Visual Language: The Influence of Computer Graphics on Art and Society, he

suggests that in the beginning it was “expected that the artistic forms of
computer graphics would be integrated into fine arts, but the latest situation

leads one to conclude that computer art will develop into a new field of

aesthetically-oriented activity which can neither be classified as part of the

existing classical branches of art.”

Digital art in Mindanao is a distillation that links the past with the present in

expanding the artistic horizon for the future.
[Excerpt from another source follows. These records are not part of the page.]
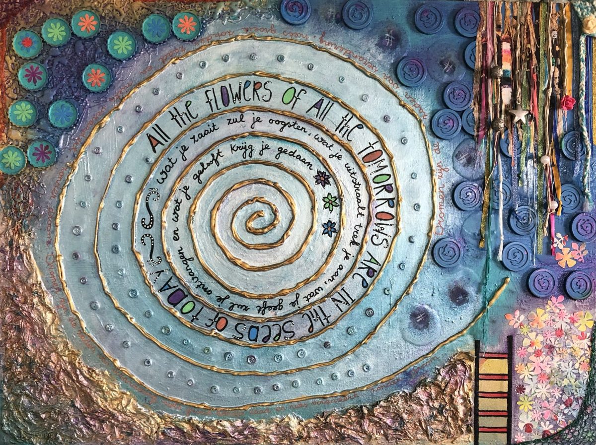 De tekst “All the flowers of all the tomorrows are in the seeds of today” herinnert eraan dat alles wat wil groeien, al aanwezig is in het nu.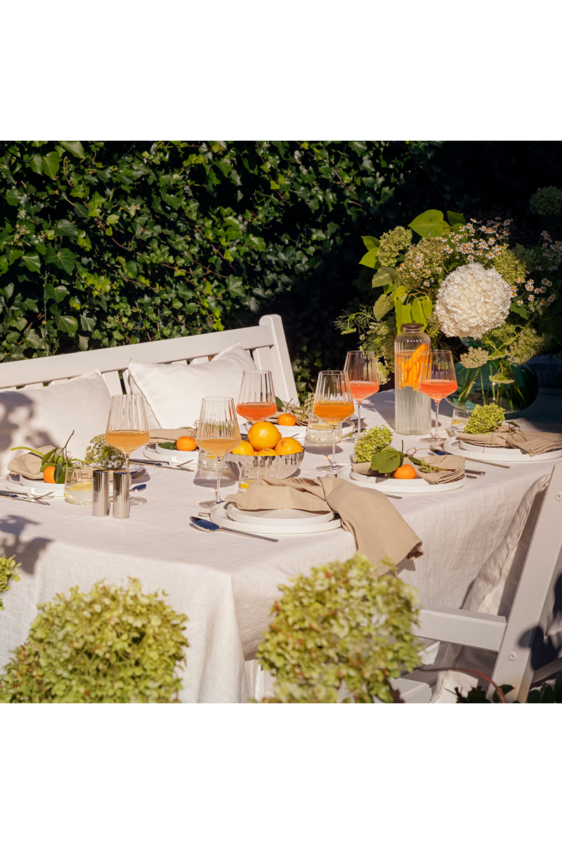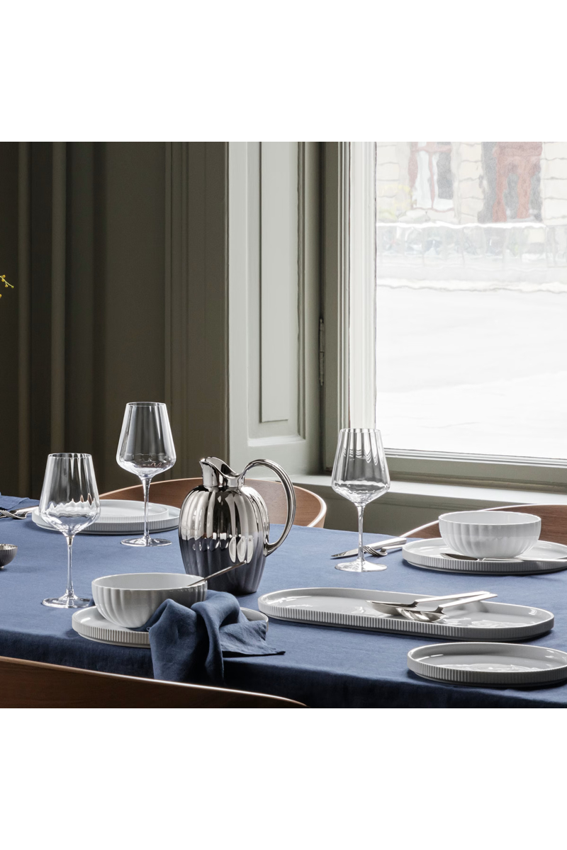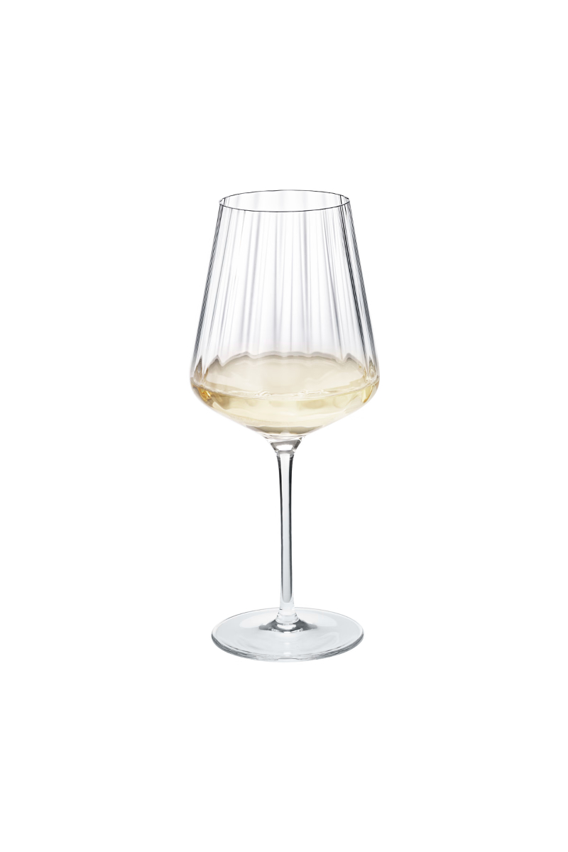 God vin fortjener et vakkert glass, og disse moderne hvitvinsglassene i blyfri krystall er det perfekte valget. De iøynefallende, myke rillene gjenspeiler ikke bare art deco-detaljer, men gjør det også mulig å holde glassene godt fast, selv når den avkjølte hvitvinen skaper kondens på utsiden. Kombinasjonen av form og funksjon er et kjennetegn for godt skandinavisk design!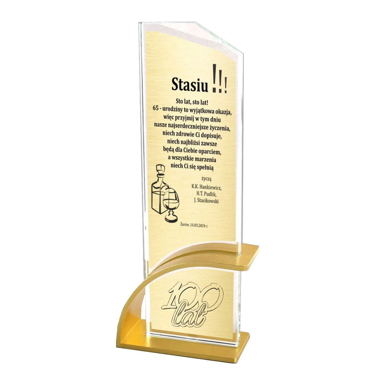 Oferta obejmuje bardzo efektowną z przepięknymi szlifami szklaną statuetkę z dowolnym grawerem.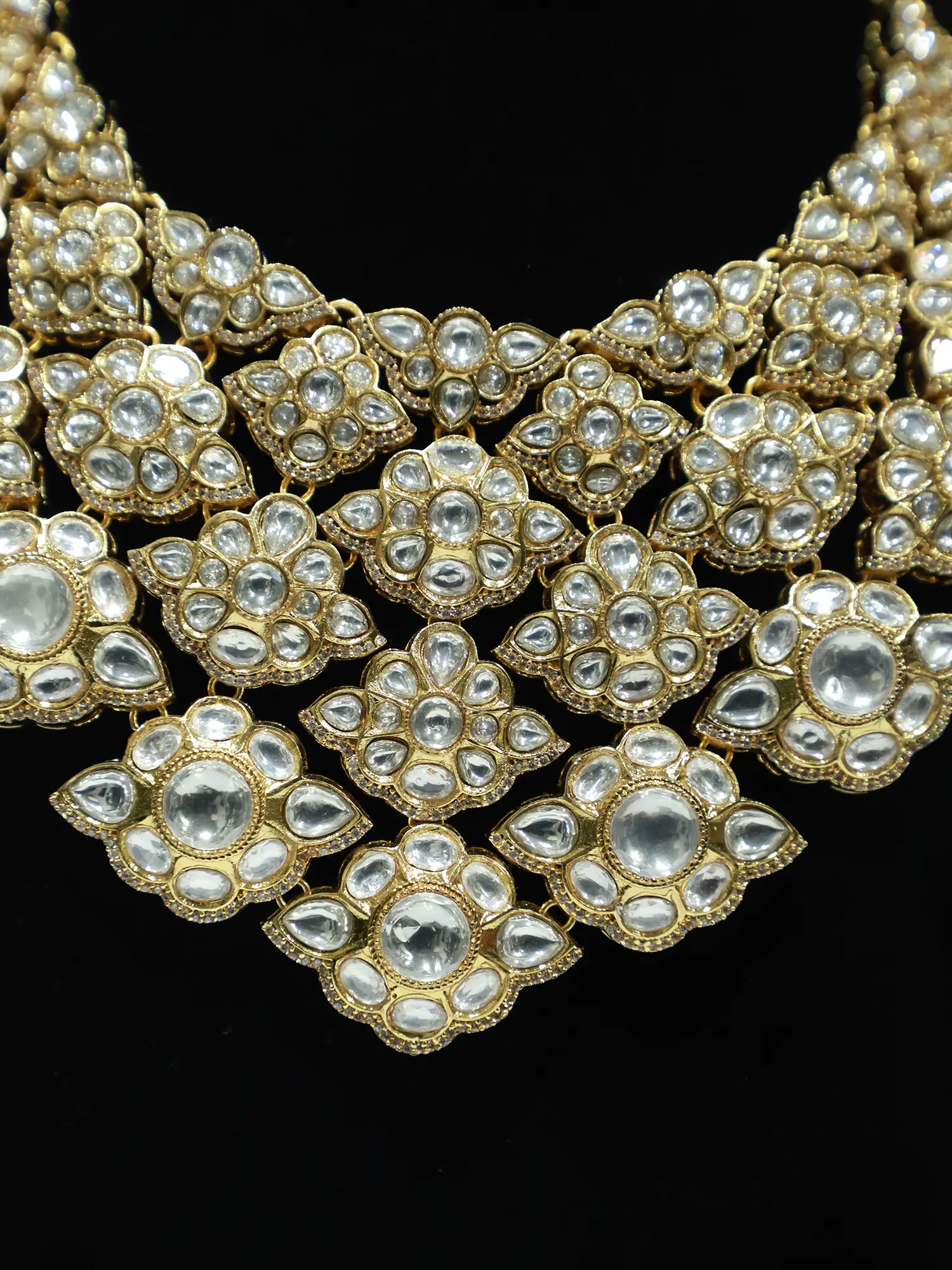 Multi Layered Floral Design Stone Studded American Diamond Necklace Set With Earrings

Gutierrez Mangansakan II < http://www.morofilm.blogspot.com> is an

essayist, journalist, visual artist, photographer, cultural activist, and

documentary filmmaker from Pagalungan, Maguindanao. He majored in

Communication Arts at the Ateneo de Davao University and Art Direction at

the Mowelfund Film Institute. Starting with his award-winning documentary

House under the Crescent Moon in 2001, his films delve on the different

facets of the Bangsamoro struggle in Mindanao. In 2005, he cemented his

artistic pathway when he was named artist-in-residence of the Asian Art

Museum-Chong Moon Lee Center for Asian Art and Culture in San Francisco,

CA. That same year, he was honored as Defender of Cultural Heritage by the

2005 edition of the Fookien Times Philippines Yearbook for his work in

nurturing the rich tradition of his Maguindanaon ancestry. He is editor of

Anthology of Essays by Young Moro Writers.